I want to match all URLs in a string and use a regular expression for this purpose. On some strings, I encountered that the RegEx matching fails with a segmentation fault. Here is a failing example: .D0.9B.D0.B5.D1.82.D0.BE.D0.BF.D0.B8.D1.81.D1.8C.C2.A0.D1.80.D1.83.D1.81.D1.81.D0.BA.D0.BE.D0.B9.C2.A0.D0.B8.D1.81.D1.82.D0.BE.D1.80.D0.B8.D0.B8_20_.D0.B8.D1.8E.D0.BD.D1.8F
The RegEx applied:
let string = ".D0.9B.D0.B5.D1.82.D0.BE.D0.BF.D0.B8.D1.81.D1.8C.C2.A0.D1.80.D1.83.D1.81.D1.81.D0.BA.D0.BE.D0.B9.C2.A0.D0.B8.D1.81.D1.82.D0.BE.D1.80.D0.B8.D0.B8_20_.D0.B8.D1.8E.D0.BD.D1.8F";
this.regEx = new RegExp(
"(?:http(s)?:\/\/)?(?:www.)?(?:((?:[-a-z0-9]+[.])*){0,242}((?:[a-z2-7]{16}|[a-z2-7]{56})\.onion)(?::[0-9]{1,6})?)(\/(?:[^\"\'\s]+|$))?",
"ugi"
);
this.regEx.exec(string);
If I apply the RegEx using other techniques (e.g. on regexr.com) where it seems to work.

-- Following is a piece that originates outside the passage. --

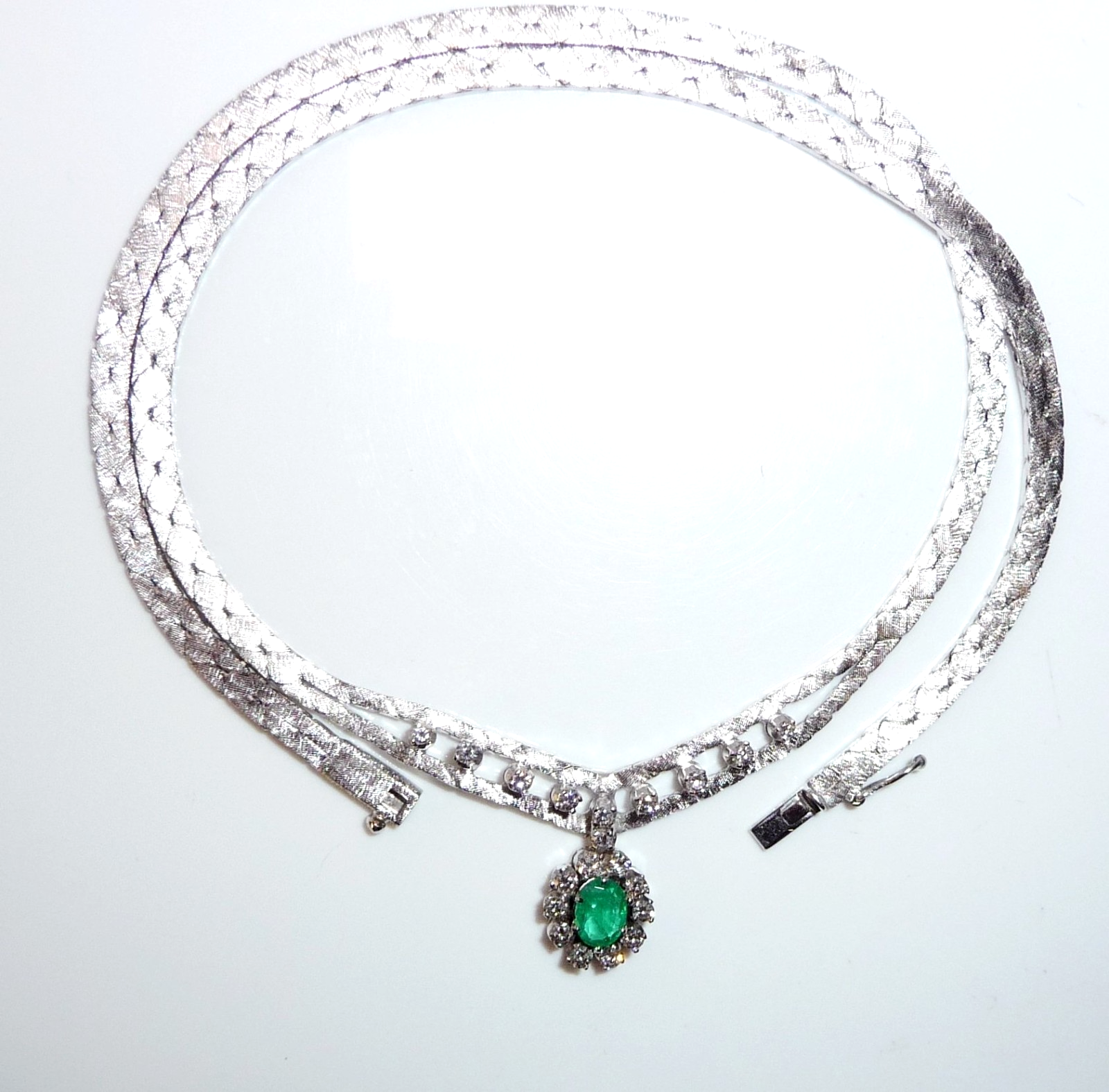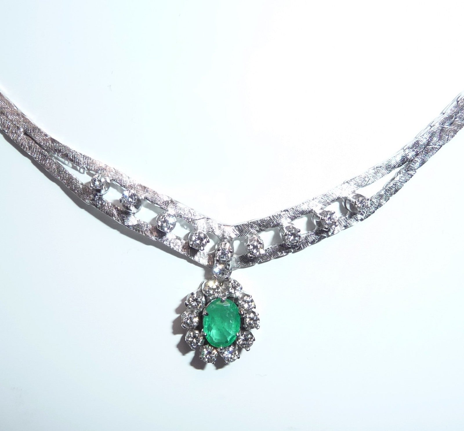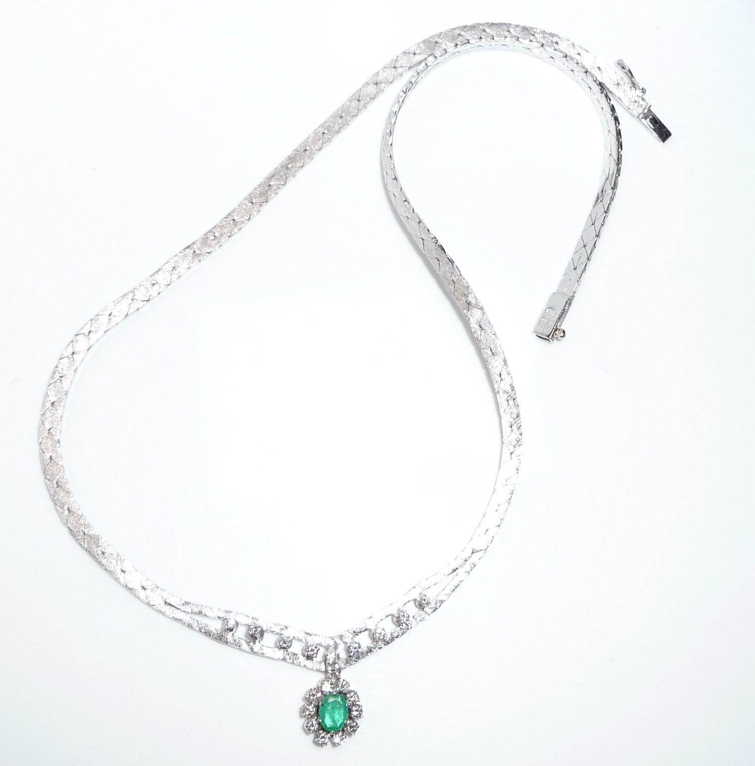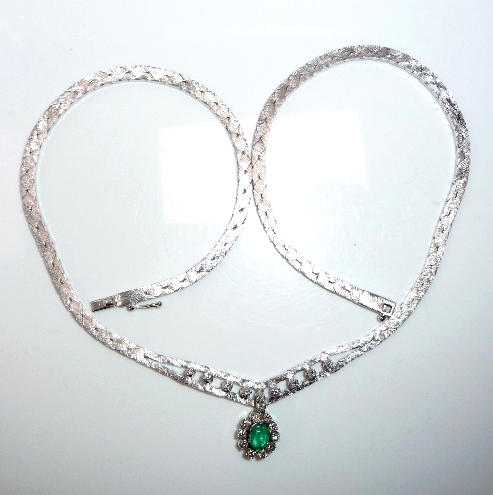 Collier-Kette in 14 K / 585 Weißgold. Das Collier hat eine edel mattierte, flache Schlangenkette, die sich im Zentrum teilt. 10 Diamanten im Brillantschliff von zusammen 0.30 ct. schmücken den Mittelteil. Eine ovale, bewegliche Abhängung wird zum Blickfang des Colliers. Im Zentrum ist ein Smaragd in frischem Grün von 0.40 ct.. Der Smaragd wird umrundet von 10 Diamanten im Brillantschliff von zusammen nochmal 0.40 ct. Diamanten total: 0.70 ct. /G-F/VS).

Executed on Node.js (v8.11.3), it results in the following exception:
Segmentation fault (core dumped)
npm ERR! code ELIFECYCLE
npm ERR! errno 139
npm ERR! uriextractor@0.0.1 debugHost: `node --inspect-brk --use_strict extractor.js`
npm ERR! Exit status 139
npm ERR!
npm ERR! Failed at the uriextractor@0.0.1 debugHost script.
npm ERR! This is probably not a problem with npm. There is likely additional logging output above.
npm ERR! A complete log of this run can be found in:
npm ERR! /home/user/.npm/_logs/2018-06-27T12_15_04_809Z-debug.log
Now I am wondering: Does anybody have an idea where the problem might come from? And how should I debug such an issue?
As of now, I tried to simplify the regex and visualizing it, since I find it easier to see where it might take a wrong turn. The Chrome Dev tools are not much of a help when it comes to debugging issues with the RegEx itself it seems.